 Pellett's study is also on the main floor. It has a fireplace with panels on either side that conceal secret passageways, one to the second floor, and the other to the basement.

---

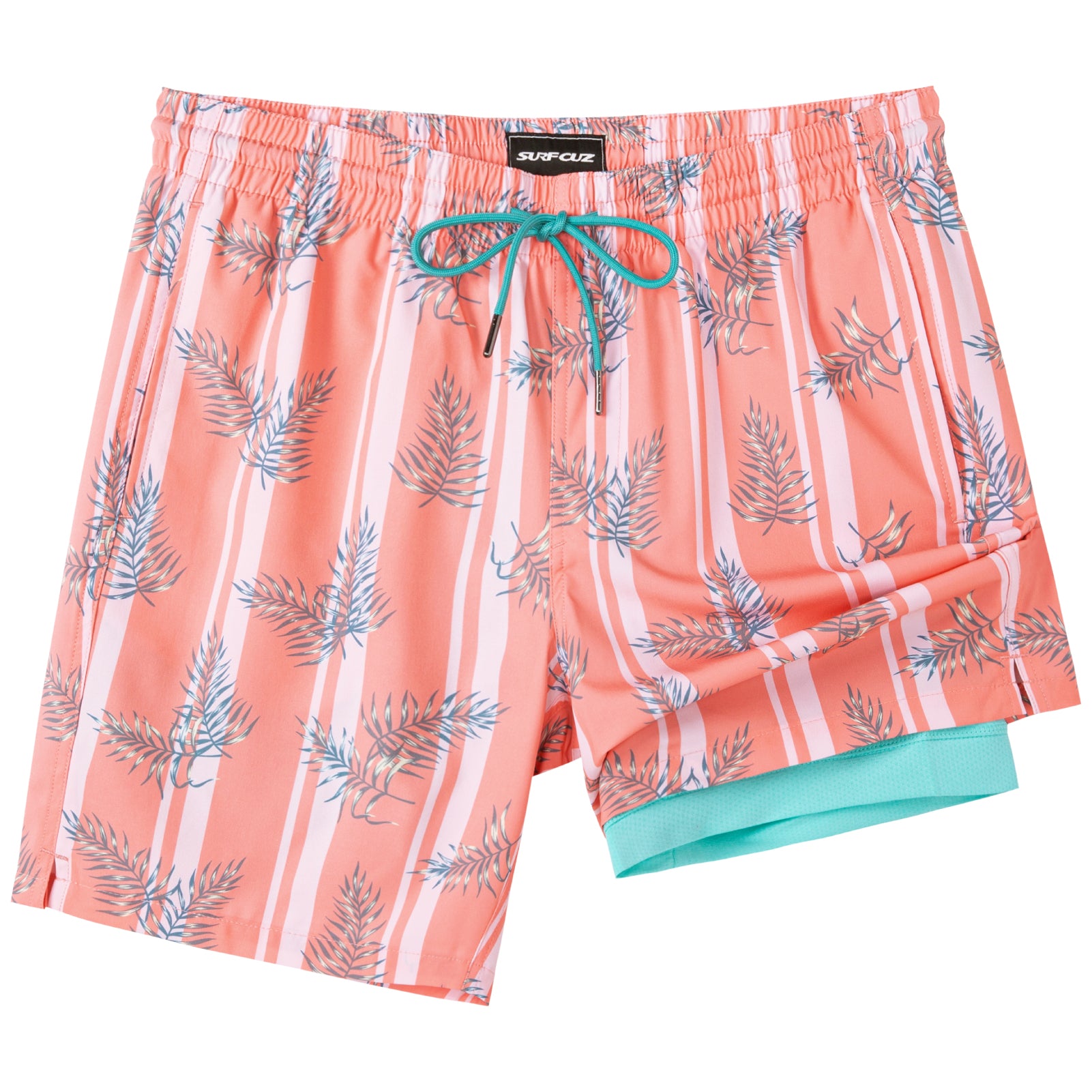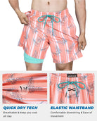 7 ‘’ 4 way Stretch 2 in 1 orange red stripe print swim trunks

--

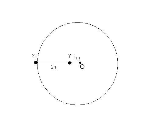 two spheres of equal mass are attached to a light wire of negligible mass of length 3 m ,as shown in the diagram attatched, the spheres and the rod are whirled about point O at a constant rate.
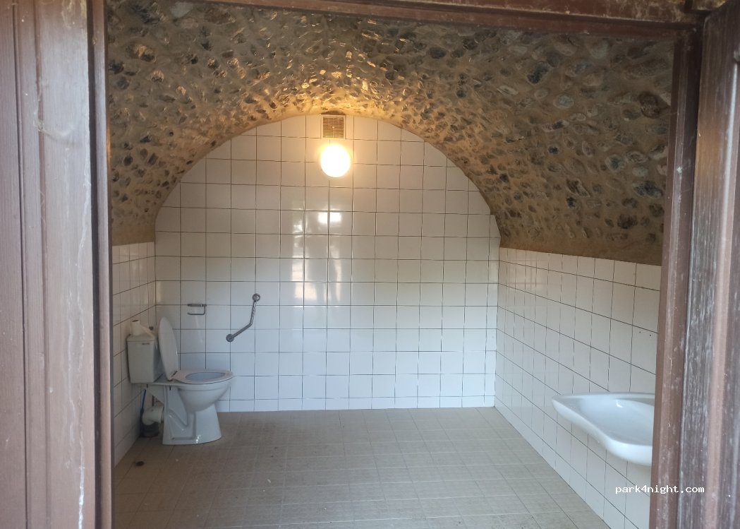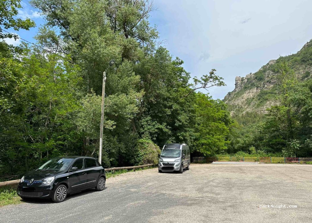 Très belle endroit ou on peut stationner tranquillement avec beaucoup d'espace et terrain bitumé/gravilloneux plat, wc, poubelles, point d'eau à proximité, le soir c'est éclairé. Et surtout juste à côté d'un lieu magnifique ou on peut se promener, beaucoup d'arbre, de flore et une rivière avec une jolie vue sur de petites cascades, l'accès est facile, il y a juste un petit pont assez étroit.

EXERCISE DIRECTIONS: In the listing above, find the line containing "two spheres of" and the line containing "Très belle endroit". Print those two lines and every line between them exactly, with no pictures.

EXPECTED ANSWER:
 two spheres of equal mass are attached to a light wire of negligible mass of length 3 m ,as shown in the diagram attatched, the spheres and the rod are whirled about point O at a constant rate.
 Très belle endroit ou on peut stationner tranquillement avec beaucoup d'espace et terrain bitumé/gravilloneux plat, wc, poubelles, point d'eau à proximité, le soir c'est éclairé. Et surtout juste à côté d'un lieu magnifique ou on peut se promener, beaucoup d'arbre, de flore et une rivière avec une jolie vue sur de petites cascades, l'accès est facile, il y a juste un petit pont assez étroit.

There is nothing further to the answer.